───── Records supplied
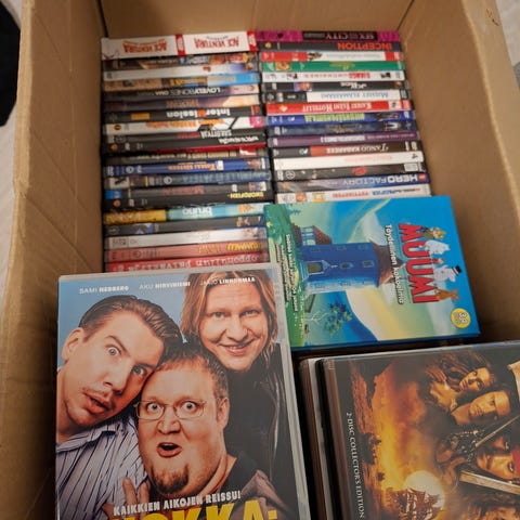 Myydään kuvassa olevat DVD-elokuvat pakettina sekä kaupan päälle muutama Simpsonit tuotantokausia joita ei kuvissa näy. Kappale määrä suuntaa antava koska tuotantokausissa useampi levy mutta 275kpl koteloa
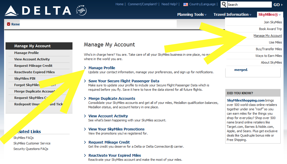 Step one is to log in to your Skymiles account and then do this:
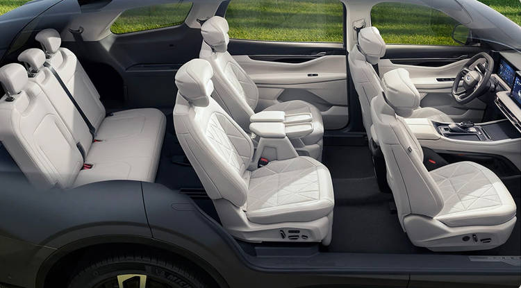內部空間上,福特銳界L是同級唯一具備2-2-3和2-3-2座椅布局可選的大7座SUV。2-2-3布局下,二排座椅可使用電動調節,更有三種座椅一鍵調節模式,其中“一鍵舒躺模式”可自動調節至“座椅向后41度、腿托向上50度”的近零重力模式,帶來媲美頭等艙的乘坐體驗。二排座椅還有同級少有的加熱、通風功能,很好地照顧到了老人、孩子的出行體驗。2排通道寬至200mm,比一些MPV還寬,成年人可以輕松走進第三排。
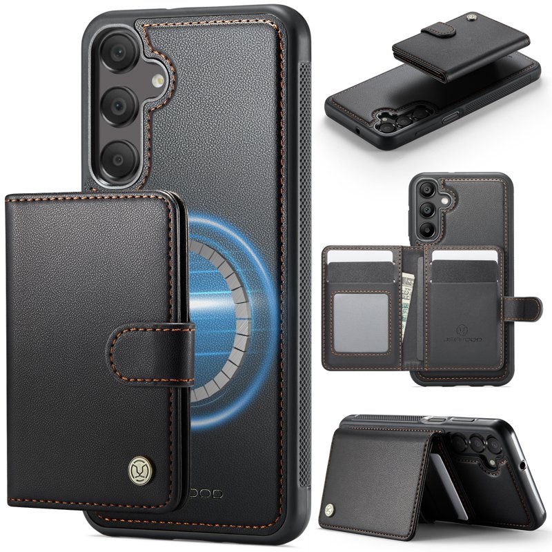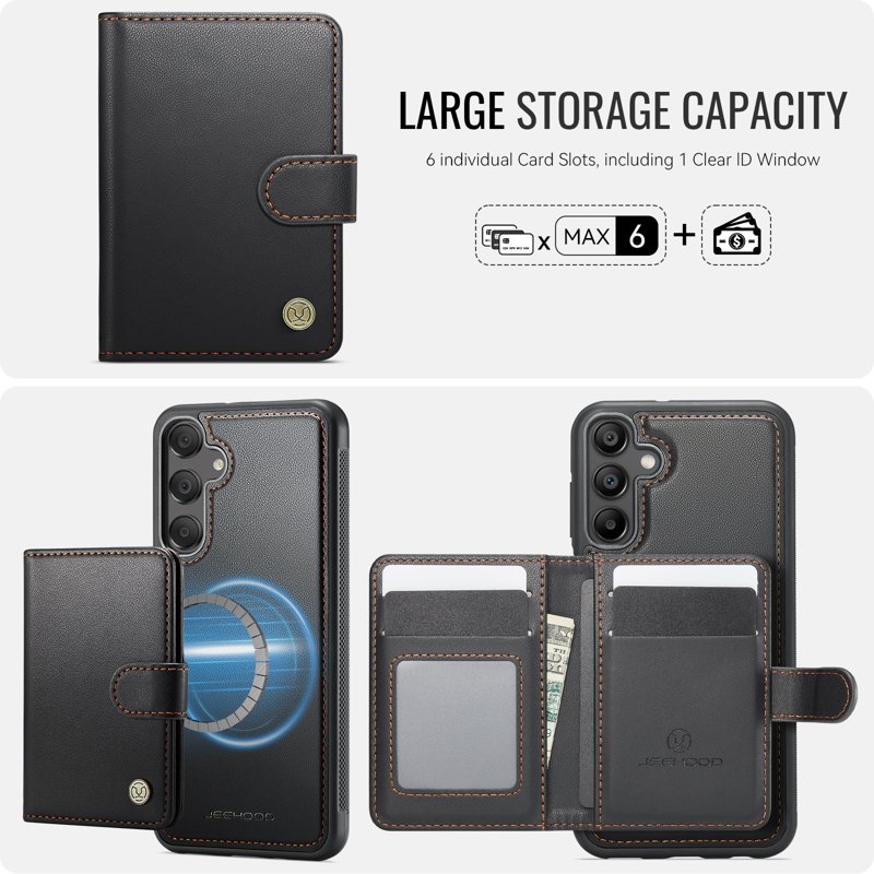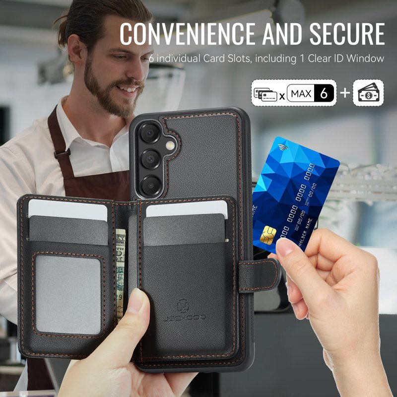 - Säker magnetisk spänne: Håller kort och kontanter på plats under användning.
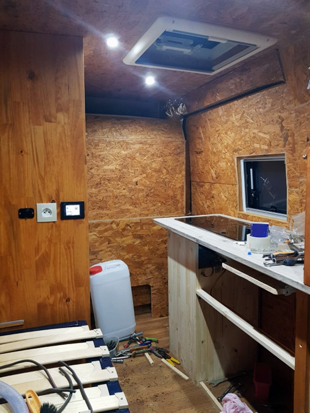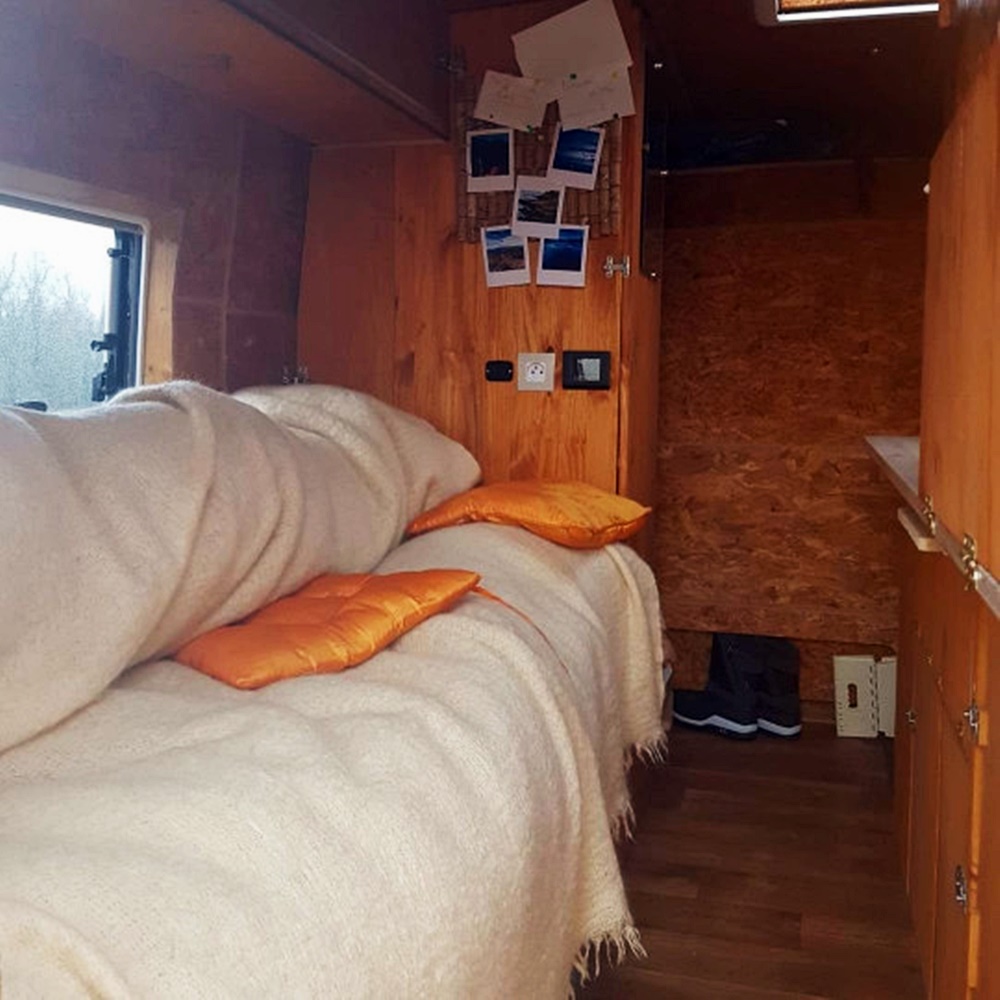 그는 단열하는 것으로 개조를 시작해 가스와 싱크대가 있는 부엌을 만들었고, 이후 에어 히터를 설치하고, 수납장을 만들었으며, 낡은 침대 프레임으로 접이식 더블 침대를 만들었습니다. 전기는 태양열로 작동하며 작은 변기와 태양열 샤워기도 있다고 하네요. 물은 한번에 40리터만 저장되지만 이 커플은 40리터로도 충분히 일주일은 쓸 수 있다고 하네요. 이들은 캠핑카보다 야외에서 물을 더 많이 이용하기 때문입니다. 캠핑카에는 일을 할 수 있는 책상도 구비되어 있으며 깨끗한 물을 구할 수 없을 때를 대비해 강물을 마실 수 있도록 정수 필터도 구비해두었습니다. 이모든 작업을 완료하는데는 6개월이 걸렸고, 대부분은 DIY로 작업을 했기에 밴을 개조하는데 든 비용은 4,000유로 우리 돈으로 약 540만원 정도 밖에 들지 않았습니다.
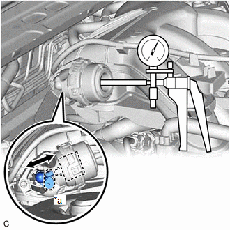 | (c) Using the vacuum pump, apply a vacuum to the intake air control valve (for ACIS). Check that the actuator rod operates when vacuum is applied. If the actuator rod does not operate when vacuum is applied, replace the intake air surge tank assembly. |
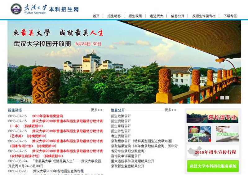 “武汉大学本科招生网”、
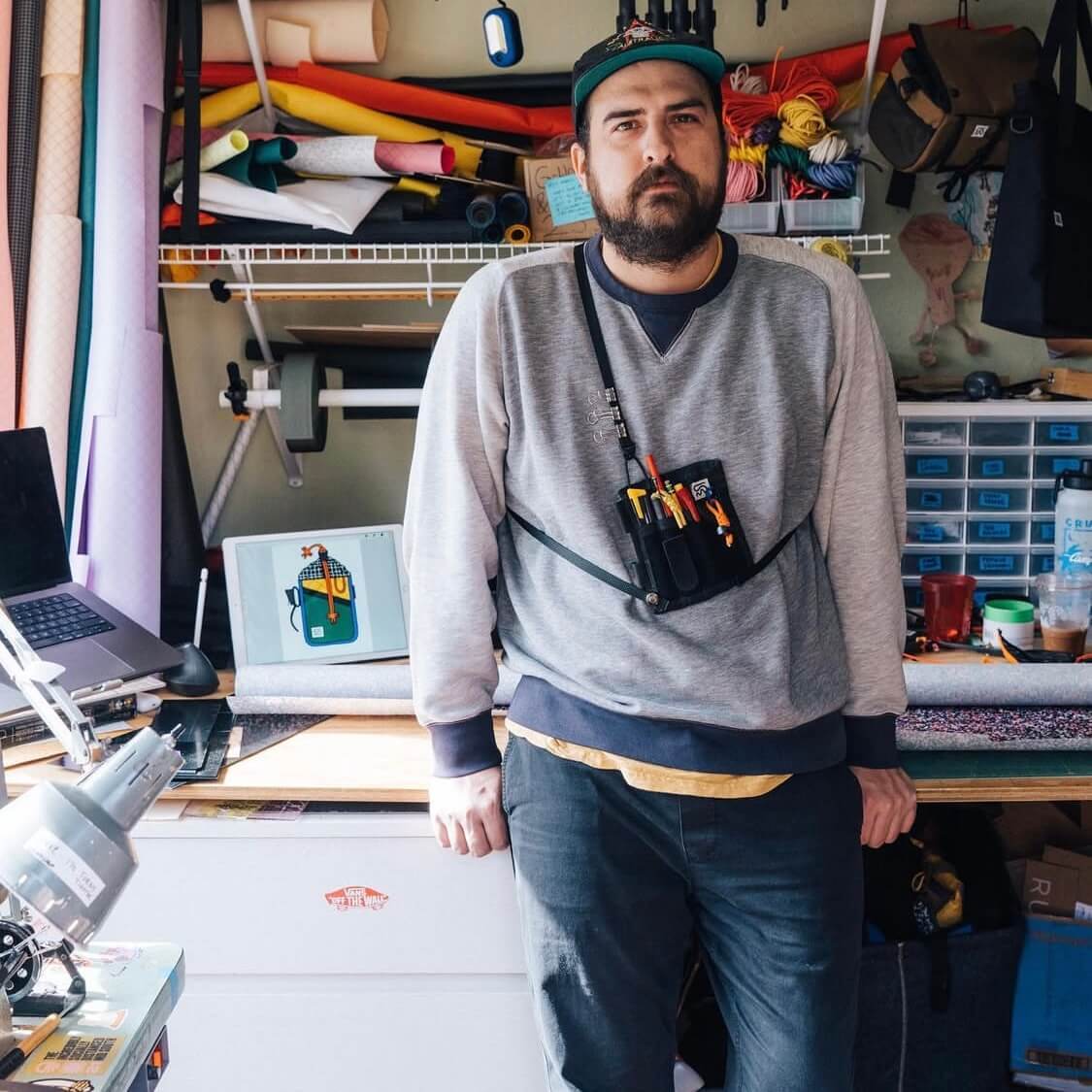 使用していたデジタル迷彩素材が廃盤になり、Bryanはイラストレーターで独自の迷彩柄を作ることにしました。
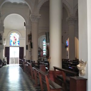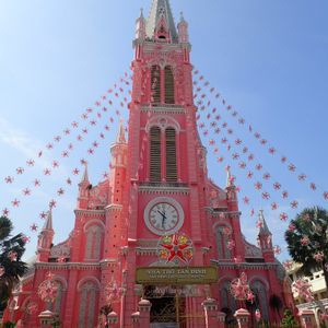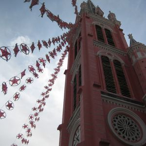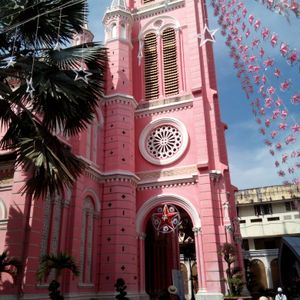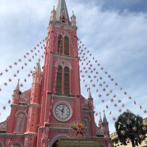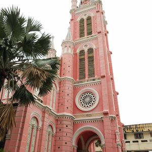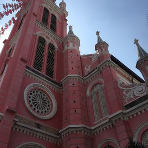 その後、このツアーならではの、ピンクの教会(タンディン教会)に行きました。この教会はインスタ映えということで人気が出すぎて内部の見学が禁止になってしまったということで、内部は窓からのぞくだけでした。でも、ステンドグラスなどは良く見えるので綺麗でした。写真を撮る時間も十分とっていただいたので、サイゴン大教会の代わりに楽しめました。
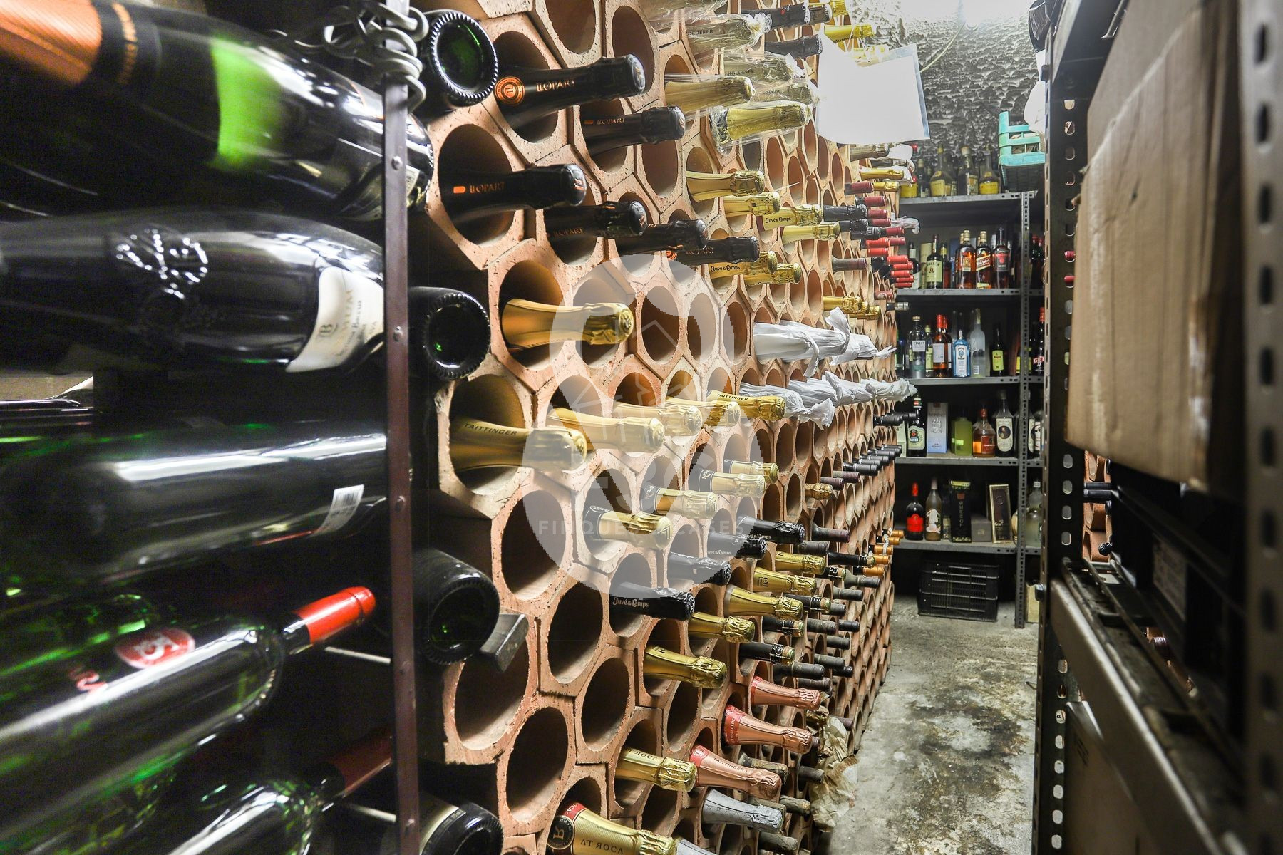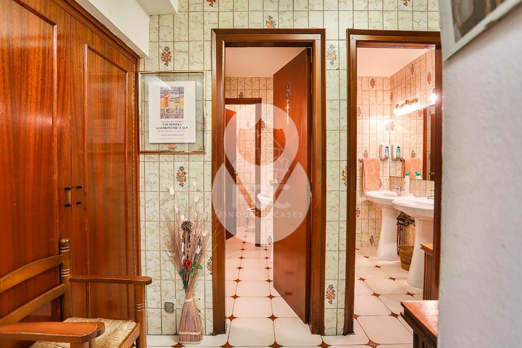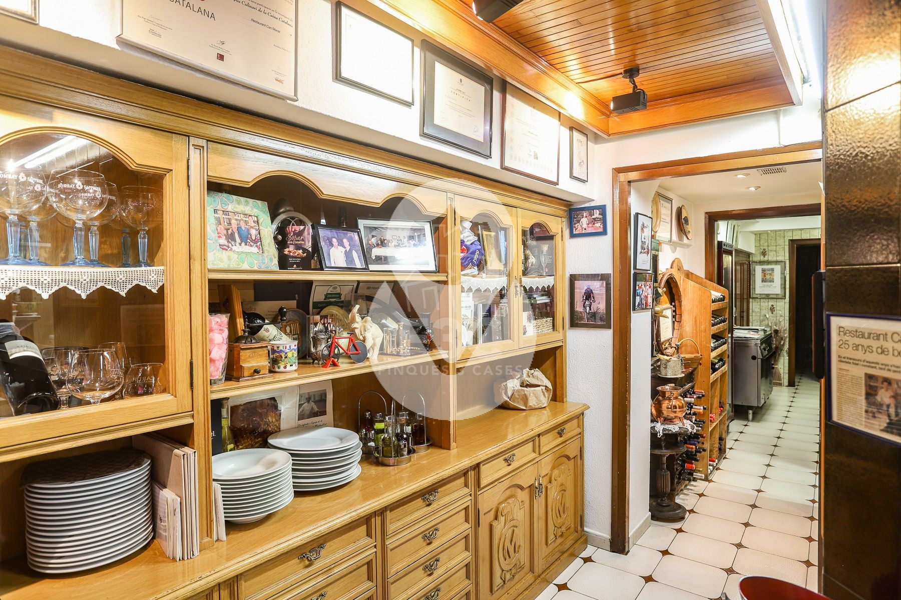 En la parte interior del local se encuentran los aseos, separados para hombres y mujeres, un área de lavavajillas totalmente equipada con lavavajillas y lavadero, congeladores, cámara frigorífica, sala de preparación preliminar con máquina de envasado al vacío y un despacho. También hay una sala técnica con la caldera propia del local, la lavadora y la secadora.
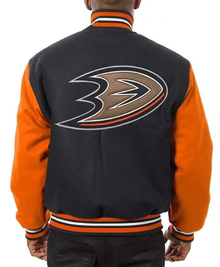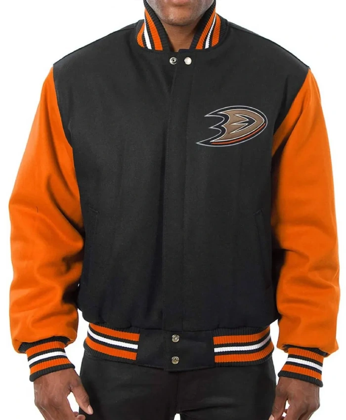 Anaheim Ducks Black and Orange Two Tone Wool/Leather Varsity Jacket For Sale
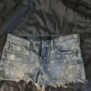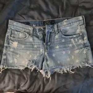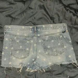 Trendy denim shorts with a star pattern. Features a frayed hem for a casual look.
──────────
### Task item
Pictures excluded, return exactly the lines from the one with "その後、このツアーならではの" through the final line of the entries above, both included.

### Task response
 その後、このツアーならではの、ピンクの教会(タンディン教会)に行きました。この教会はインスタ映えということで人気が出すぎて内部の見学が禁止になってしまったということで、内部は窓からのぞくだけでした。でも、ステンドグラスなどは良く見えるので綺麗でした。写真を撮る時間も十分とっていただいたので、サイゴン大教会の代わりに楽しめました。
 En la parte interior del local se encuentran los aseos, separados para hombres y mujeres, un área de lavavajillas totalmente equipada con lavavajillas y lavadero, congeladores, cámara frigorífica, sala de preparación preliminar con máquina de envasado al vacío y un despacho. También hay una sala técnica con la caldera propia del local, la lavadora y la secadora.
 Anaheim Ducks Black and Orange Two Tone Wool/Leather Varsity Jacket For Sale
 Trendy denim shorts with a star pattern. Features a frayed hem for a casual look.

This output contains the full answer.